Save shredded office paper and use for mulch.  Breaks down in about 6 months (Becky Long).

Recycle plastic blinds into plant name tags.  Use a Sharpie to write with (Rose Craig).

Mona Haig mentions to put a 5 gallon bucket in the shower to water the plants with.  OK, but I would probably fall over the bucket.

Refresh your big planters by adding a few inches of fertilizer granules and some new potting soil (Nancy Ford).

Cattle or hog panels, 4 feet x 17 feet, can be bent with one person on each end walking toward each other to create an arch 6 foot tall.  Paths can be made, and your vining plants, such as cucumbers, beans, morning glories, whatever, can climb to their heart’s content (Joyce Spencer).

Allow “travel” area around the trees and shrubs when planting (Pam Rodgers).  I assume that means breathing room for water or mulch around the plants.

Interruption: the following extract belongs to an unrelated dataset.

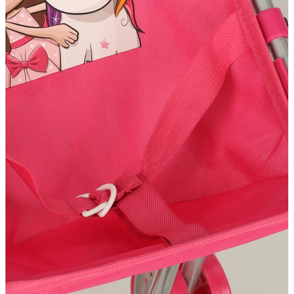 Podaruj swojemu dziecku mnóstwo zabawy z wózkiem dla lalek, który łączy praktyczny projekt z kwiatowym wzorem i motywem dziewczynki z jednorożcem. Ten piękny różowy wózek jest nie tylko atrakcyjny wizualnie, ale także bardzo funkcjonalny, co czyni go wyjątkowym dodatkiem do każdej zabawy w spacer z lalkami.
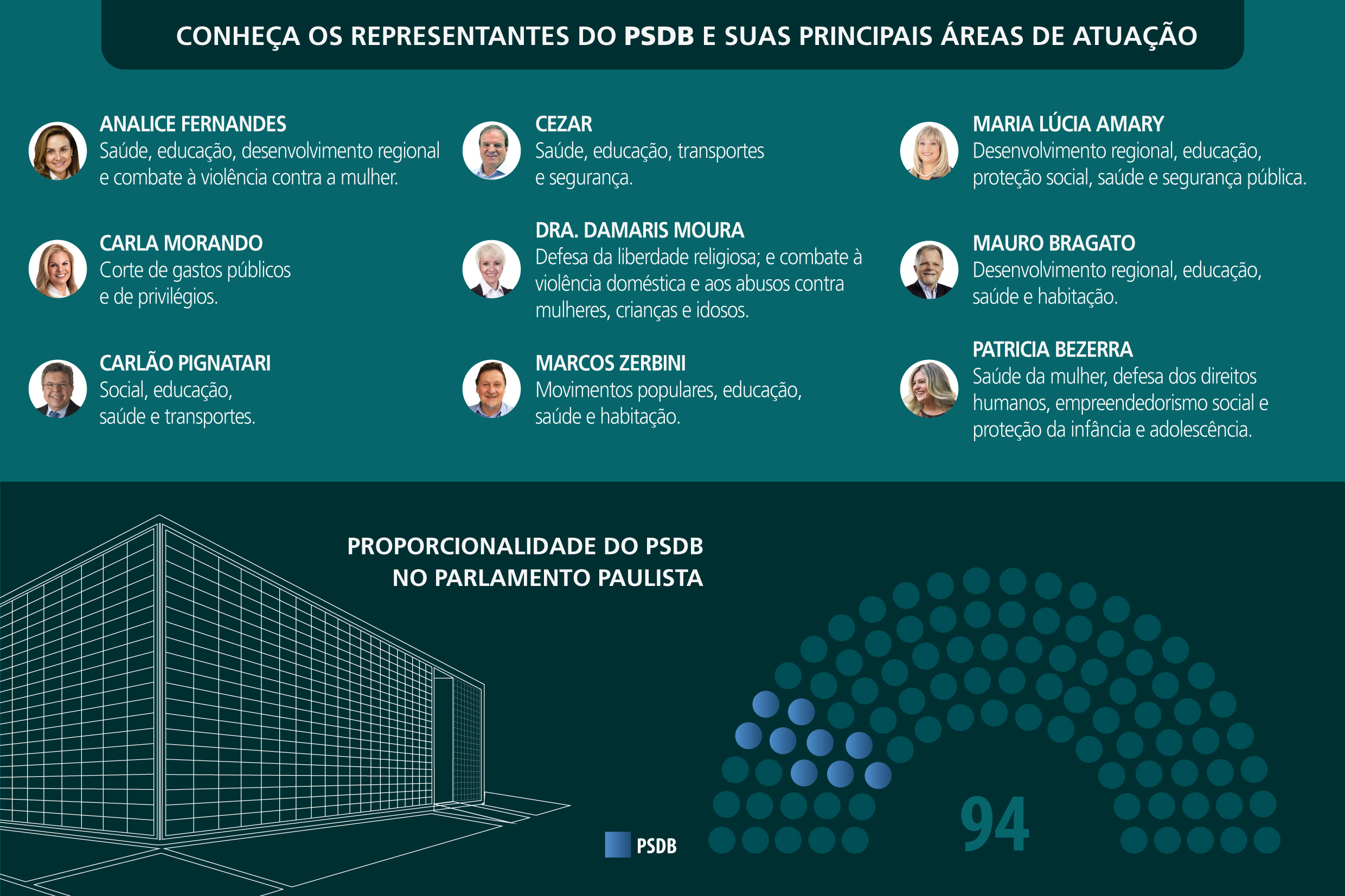 O quadro de parlamentares do PSDB na Alesp é composto ainda pelas deputadas Carla Morando, Maria Lúcia Amary e Patricia Bezerra, e pelos deputados Cezar e Mauro Bragato.

Tip for planting tiny dark seeds in soil.  Line the furrow with toilet paper and plant seeds on the paper.  Mist the seeds, cover with dirt, and, voila, the plants will be in a uniform row with no spaces between (Dee Lowery).

Teach the grandchildren to water and care for your garden.  When you travel, they can care for your plants.  Cheap labor.   My one grandchild is nearing 2 years old and lives in Baltimore.  This could be a challenge.

Keep one plant label from each plant and put in a gallon Ziploc bag for future reference for care (Mike Harrell).

Leftover or out of date veggies can be composted in cans and packages (Iven Lindgren).   I think the containers must be opened first.

Plant herbs in raised beds about knee high.  Can sit on side to work and drainage is better (Brother Isidore).

Water plants now (Phyllis Ford).

Good luck all.  Spring is getting closer!